Problem to work on:
When you set down the entries, keep every word exactly as it is but drop the pictures.

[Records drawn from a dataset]
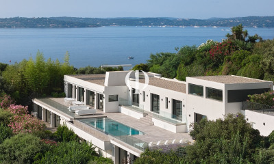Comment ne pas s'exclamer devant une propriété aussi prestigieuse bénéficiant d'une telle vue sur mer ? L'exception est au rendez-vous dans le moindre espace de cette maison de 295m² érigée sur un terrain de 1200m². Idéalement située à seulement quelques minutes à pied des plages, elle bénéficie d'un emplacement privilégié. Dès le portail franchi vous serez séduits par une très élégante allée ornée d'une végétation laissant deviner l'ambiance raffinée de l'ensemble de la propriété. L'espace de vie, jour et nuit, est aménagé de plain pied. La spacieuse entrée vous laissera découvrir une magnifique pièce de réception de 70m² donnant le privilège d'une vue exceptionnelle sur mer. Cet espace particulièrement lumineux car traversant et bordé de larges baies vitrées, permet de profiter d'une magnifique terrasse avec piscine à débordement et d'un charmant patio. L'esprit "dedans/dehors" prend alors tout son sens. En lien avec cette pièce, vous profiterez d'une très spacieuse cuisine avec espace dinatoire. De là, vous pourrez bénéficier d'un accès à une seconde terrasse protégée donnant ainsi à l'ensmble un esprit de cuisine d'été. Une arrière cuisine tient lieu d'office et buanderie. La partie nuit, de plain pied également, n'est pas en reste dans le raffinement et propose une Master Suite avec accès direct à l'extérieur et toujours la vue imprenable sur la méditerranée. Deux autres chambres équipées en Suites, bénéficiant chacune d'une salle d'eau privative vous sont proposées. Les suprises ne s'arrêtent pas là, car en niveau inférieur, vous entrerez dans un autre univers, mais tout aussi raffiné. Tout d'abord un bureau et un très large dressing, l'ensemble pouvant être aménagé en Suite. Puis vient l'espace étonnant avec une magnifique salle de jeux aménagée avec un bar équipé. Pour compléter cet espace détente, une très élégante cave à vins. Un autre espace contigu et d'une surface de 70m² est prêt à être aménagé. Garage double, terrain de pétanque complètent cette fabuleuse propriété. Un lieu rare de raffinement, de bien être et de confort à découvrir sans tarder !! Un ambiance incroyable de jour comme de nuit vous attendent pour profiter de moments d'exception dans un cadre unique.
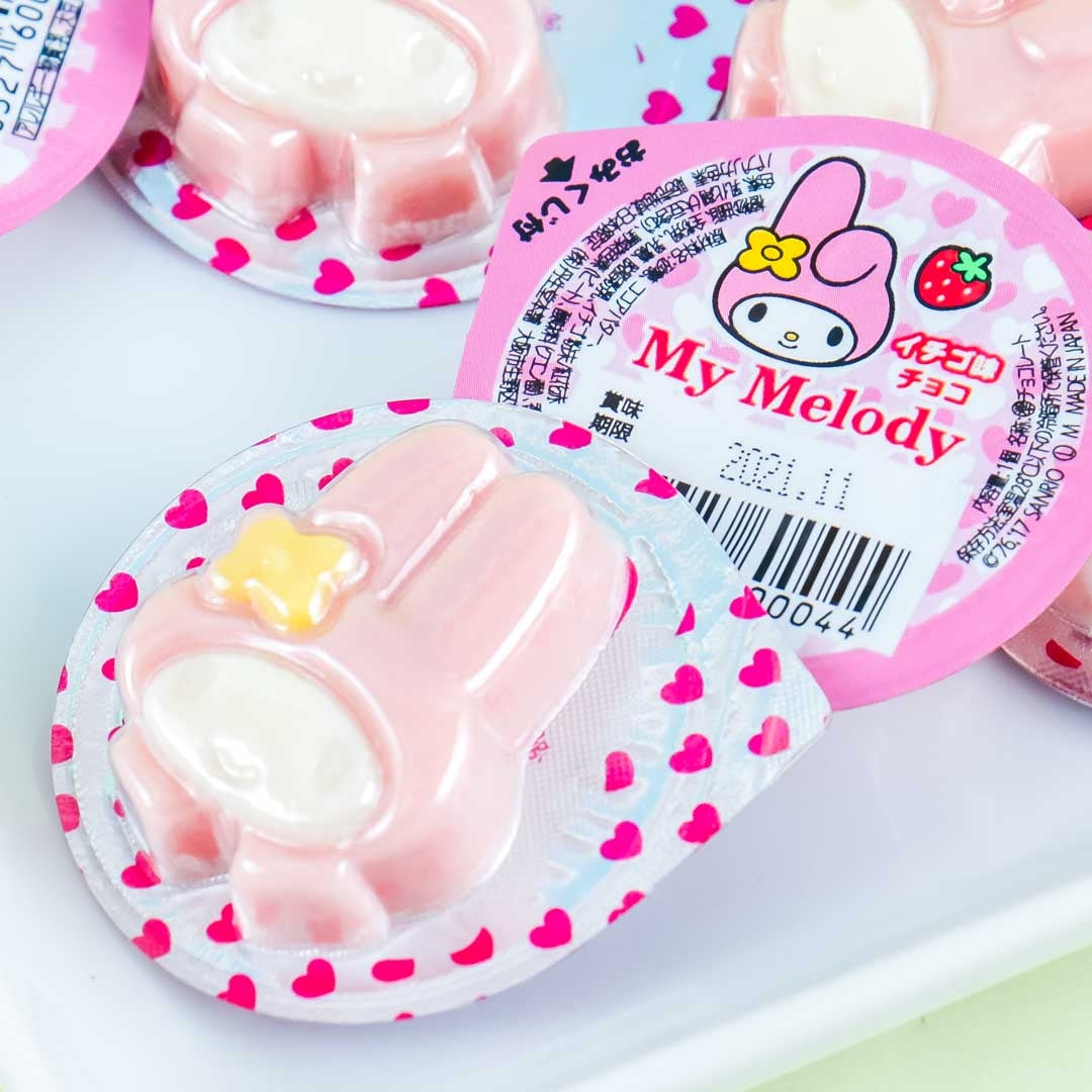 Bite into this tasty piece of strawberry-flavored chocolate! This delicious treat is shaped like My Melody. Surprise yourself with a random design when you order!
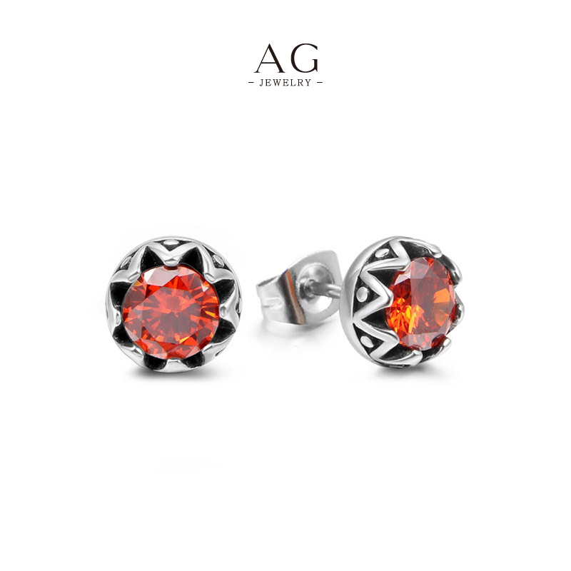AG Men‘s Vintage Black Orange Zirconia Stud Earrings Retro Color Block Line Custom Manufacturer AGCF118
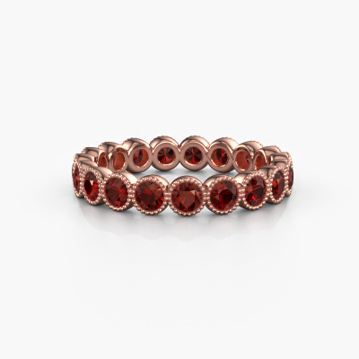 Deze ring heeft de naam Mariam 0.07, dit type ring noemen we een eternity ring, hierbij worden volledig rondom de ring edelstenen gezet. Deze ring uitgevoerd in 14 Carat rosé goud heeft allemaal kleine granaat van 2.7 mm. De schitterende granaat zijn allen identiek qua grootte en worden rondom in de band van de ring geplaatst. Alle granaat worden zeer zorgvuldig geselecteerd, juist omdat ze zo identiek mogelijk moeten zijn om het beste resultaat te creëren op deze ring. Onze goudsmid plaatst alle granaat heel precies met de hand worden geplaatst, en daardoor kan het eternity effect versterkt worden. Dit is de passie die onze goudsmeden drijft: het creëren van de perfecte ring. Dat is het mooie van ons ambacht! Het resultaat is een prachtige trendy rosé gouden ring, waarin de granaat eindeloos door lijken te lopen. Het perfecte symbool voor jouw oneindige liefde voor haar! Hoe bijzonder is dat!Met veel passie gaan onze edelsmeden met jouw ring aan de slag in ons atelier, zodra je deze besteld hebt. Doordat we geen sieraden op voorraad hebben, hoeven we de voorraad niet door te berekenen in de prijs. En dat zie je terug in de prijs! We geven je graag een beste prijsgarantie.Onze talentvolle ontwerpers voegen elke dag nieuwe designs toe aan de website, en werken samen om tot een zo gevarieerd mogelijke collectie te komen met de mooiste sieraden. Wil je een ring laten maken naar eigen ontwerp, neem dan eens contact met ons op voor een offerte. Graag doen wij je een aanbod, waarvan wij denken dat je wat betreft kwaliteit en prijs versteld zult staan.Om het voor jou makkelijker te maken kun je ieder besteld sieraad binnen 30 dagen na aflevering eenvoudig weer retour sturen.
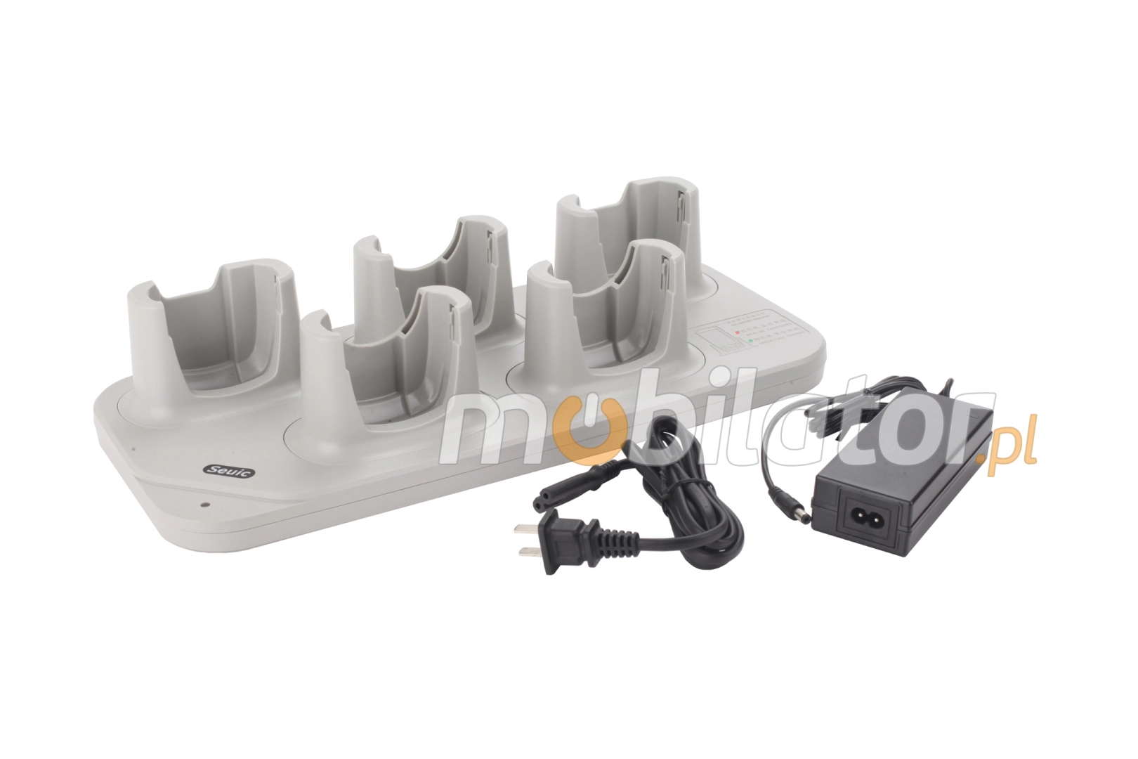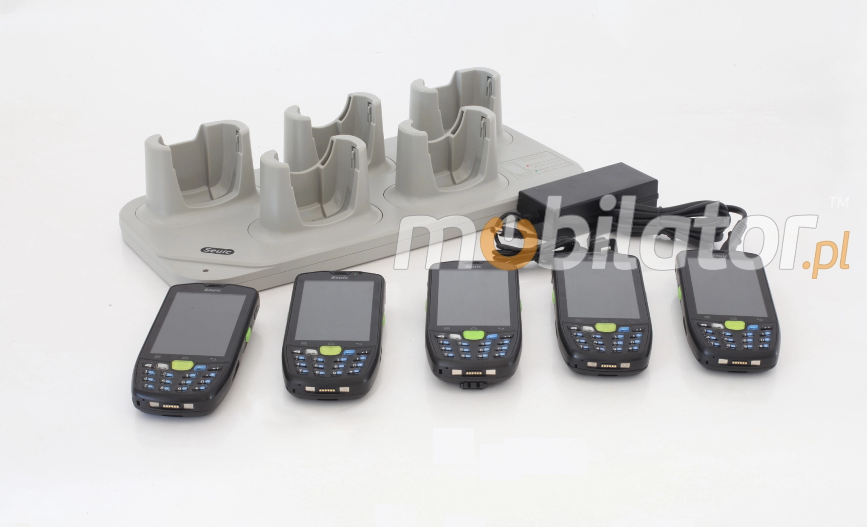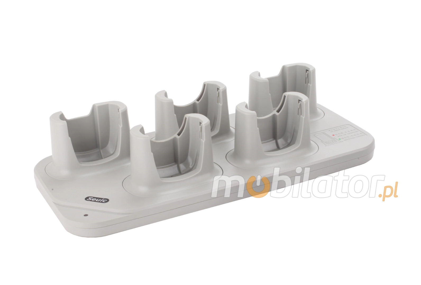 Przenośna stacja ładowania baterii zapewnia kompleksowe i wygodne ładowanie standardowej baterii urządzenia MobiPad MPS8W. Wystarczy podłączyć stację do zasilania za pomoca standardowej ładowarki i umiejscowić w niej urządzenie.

Answer for this exercise:
Comment ne pas s'exclamer devant une propriété aussi prestigieuse bénéficiant d'une telle vue sur mer ? L'exception est au rendez-vous dans le moindre espace de cette maison de 295m² érigée sur un terrain de 1200m². Idéalement située à seulement quelques minutes à pied des plages, elle bénéficie d'un emplacement privilégié. Dès le portail franchi vous serez séduits par une très élégante allée ornée d'une végétation laissant deviner l'ambiance raffinée de l'ensemble de la propriété. L'espace de vie, jour et nuit, est aménagé de plain pied. La spacieuse entrée vous laissera découvrir une magnifique pièce de réception de 70m² donnant le privilège d'une vue exceptionnelle sur mer. Cet espace particulièrement lumineux car traversant et bordé de larges baies vitrées, permet de profiter d'une magnifique terrasse avec piscine à débordement et d'un charmant patio. L'esprit "dedans/dehors" prend alors tout son sens. En lien avec cette pièce, vous profiterez d'une très spacieuse cuisine avec espace dinatoire. De là, vous pourrez bénéficier d'un accès à une seconde terrasse protégée donnant ainsi à l'ensmble un esprit de cuisine d'été. Une arrière cuisine tient lieu d'office et buanderie. La partie nuit, de plain pied également, n'est pas en reste dans le raffinement et propose une Master Suite avec accès direct à l'extérieur et toujours la vue imprenable sur la méditerranée. Deux autres chambres équipées en Suites, bénéficiant chacune d'une salle d'eau privative vous sont proposées. Les suprises ne s'arrêtent pas là, car en niveau inférieur, vous entrerez dans un autre univers, mais tout aussi raffiné. Tout d'abord un bureau et un très large dressing, l'ensemble pouvant être aménagé en Suite. Puis vient l'espace étonnant avec une magnifique salle de jeux aménagée avec un bar équipé. Pour compléter cet espace détente, une très élégante cave à vins. Un autre espace contigu et d'une surface de 70m² est prêt à être aménagé. Garage double, terrain de pétanque complètent cette fabuleuse propriété. Un lieu rare de raffinement, de bien être et de confort à découvrir sans tarder !! Un ambiance incroyable de jour comme de nuit vous attendent pour profiter de moments d'exception dans un cadre unique.
 Bite into this tasty piece of strawberry-flavored chocolate! This delicious treat is shaped like My Melody. Surprise yourself with a random design when you order!
AG Men‘s Vintage Black Orange Zirconia Stud Earrings Retro Color Block Line Custom Manufacturer AGCF118
 Deze ring heeft de naam Mariam 0.07, dit type ring noemen we een eternity ring, hierbij worden volledig rondom de ring edelstenen gezet. Deze ring uitgevoerd in 14 Carat rosé goud heeft allemaal kleine granaat van 2.7 mm. De schitterende granaat zijn allen identiek qua grootte en worden rondom in de band van de ring geplaatst. Alle granaat worden zeer zorgvuldig geselecteerd, juist omdat ze zo identiek mogelijk moeten zijn om het beste resultaat te creëren op deze ring. Onze goudsmid plaatst alle granaat heel precies met de hand worden geplaatst, en daardoor kan het eternity effect versterkt worden. Dit is de passie die onze goudsmeden drijft: het creëren van de perfecte ring. Dat is het mooie van ons ambacht! Het resultaat is een prachtige trendy rosé gouden ring, waarin de granaat eindeloos door lijken te lopen. Het perfecte symbool voor jouw oneindige liefde voor haar! Hoe bijzonder is dat!Met veel passie gaan onze edelsmeden met jouw ring aan de slag in ons atelier, zodra je deze besteld hebt. Doordat we geen sieraden op voorraad hebben, hoeven we de voorraad niet door te berekenen in de prijs. En dat zie je terug in de prijs! We geven je graag een beste prijsgarantie.Onze talentvolle ontwerpers voegen elke dag nieuwe designs toe aan de website, en werken samen om tot een zo gevarieerd mogelijke collectie te komen met de mooiste sieraden. Wil je een ring laten maken naar eigen ontwerp, neem dan eens contact met ons op voor een offerte. Graag doen wij je een aanbod, waarvan wij denken dat je wat betreft kwaliteit en prijs versteld zult staan.Om het voor jou makkelijker te maken kun je ieder besteld sieraad binnen 30 dagen na aflevering eenvoudig weer retour sturen.
 Przenośna stacja ładowania baterii zapewnia kompleksowe i wygodne ładowanie standardowej baterii urządzenia MobiPad MPS8W. Wystarczy podłączyć stację do zasilania za pomoca standardowej ładowarki i umiejscowić w niej urządzenie.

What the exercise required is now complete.